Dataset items
····················

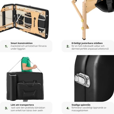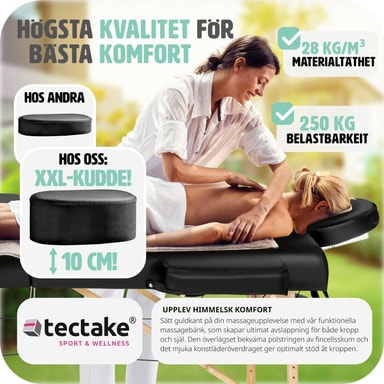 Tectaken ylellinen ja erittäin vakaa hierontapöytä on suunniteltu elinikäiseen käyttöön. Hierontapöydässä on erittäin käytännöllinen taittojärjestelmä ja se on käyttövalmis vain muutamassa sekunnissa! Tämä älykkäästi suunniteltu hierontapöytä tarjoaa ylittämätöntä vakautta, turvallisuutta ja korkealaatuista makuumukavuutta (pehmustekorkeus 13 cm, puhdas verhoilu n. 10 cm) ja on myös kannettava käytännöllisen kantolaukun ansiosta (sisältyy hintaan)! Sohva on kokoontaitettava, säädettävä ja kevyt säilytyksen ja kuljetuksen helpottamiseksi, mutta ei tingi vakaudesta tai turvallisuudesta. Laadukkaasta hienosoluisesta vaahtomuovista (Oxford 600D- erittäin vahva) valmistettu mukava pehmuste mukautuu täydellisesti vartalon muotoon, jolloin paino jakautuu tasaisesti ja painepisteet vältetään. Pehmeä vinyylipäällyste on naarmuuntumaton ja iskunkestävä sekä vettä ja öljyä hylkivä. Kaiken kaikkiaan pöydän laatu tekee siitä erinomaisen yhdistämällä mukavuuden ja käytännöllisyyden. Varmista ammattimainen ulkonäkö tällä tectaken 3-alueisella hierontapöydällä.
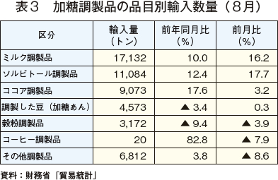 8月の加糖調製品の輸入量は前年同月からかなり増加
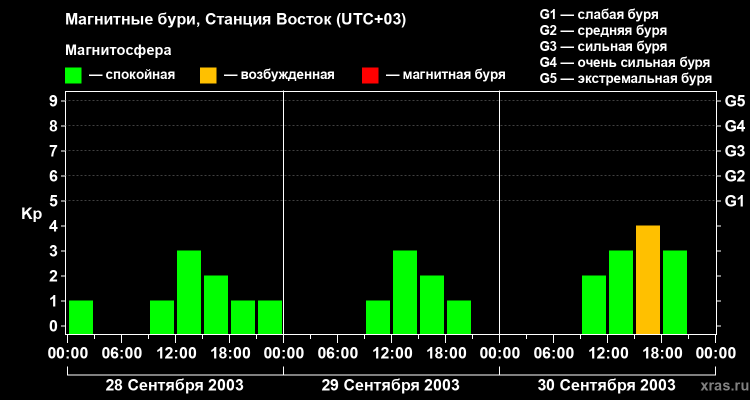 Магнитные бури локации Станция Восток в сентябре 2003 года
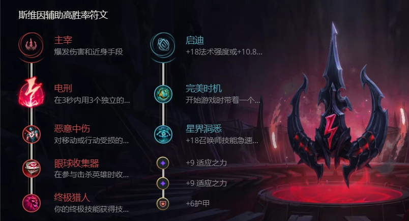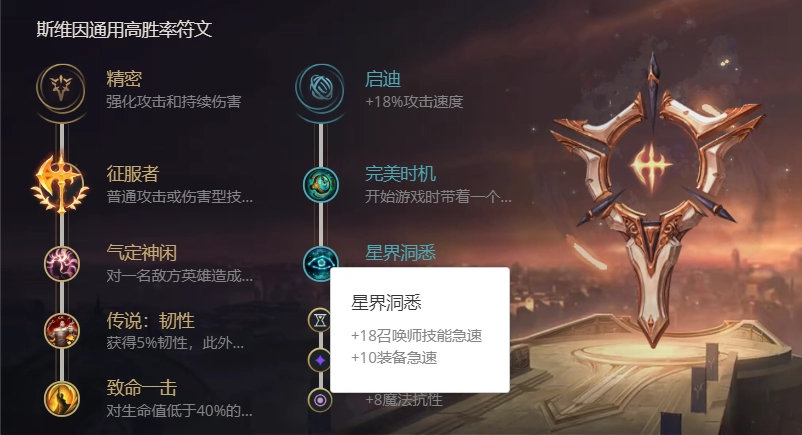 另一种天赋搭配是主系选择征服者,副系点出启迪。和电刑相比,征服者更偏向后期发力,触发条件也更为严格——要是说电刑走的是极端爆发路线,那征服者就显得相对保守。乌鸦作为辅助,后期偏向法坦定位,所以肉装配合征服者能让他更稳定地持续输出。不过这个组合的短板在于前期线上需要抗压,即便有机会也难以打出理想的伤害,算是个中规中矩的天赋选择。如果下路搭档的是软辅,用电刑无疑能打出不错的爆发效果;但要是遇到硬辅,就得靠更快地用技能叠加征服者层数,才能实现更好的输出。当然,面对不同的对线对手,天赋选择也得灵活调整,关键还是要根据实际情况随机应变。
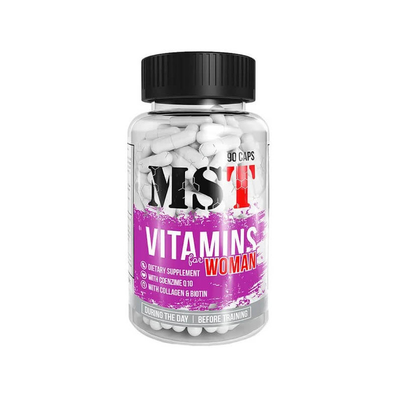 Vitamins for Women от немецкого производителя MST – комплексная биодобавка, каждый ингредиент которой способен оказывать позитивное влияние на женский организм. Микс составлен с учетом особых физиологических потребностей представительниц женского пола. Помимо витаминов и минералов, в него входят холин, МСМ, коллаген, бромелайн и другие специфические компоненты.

····················

### Assignment
In the data above, find the line containing "Магнитные бури локации" and the line containing "另一种天赋搭配是主系选择征服". Copy exactly the stretch from the first through the second, both included, leaving out any picture.

### Reply
 Магнитные бури локации Станция Восток в сентябре 2003 года
 另一种天赋搭配是主系选择征服者,副系点出启迪。和电刑相比,征服者更偏向后期发力,触发条件也更为严格——要是说电刑走的是极端爆发路线,那征服者就显得相对保守。乌鸦作为辅助,后期偏向法坦定位,所以肉装配合征服者能让他更稳定地持续输出。不过这个组合的短板在于前期线上需要抗压,即便有机会也难以打出理想的伤害,算是个中规中矩的天赋选择。如果下路搭档的是软辅,用电刑无疑能打出不错的爆发效果;但要是遇到硬辅,就得靠更快地用技能叠加征服者层数,才能实现更好的输出。当然,面对不同的对线对手,天赋选择也得灵活调整,关键还是要根据实际情况随机应变。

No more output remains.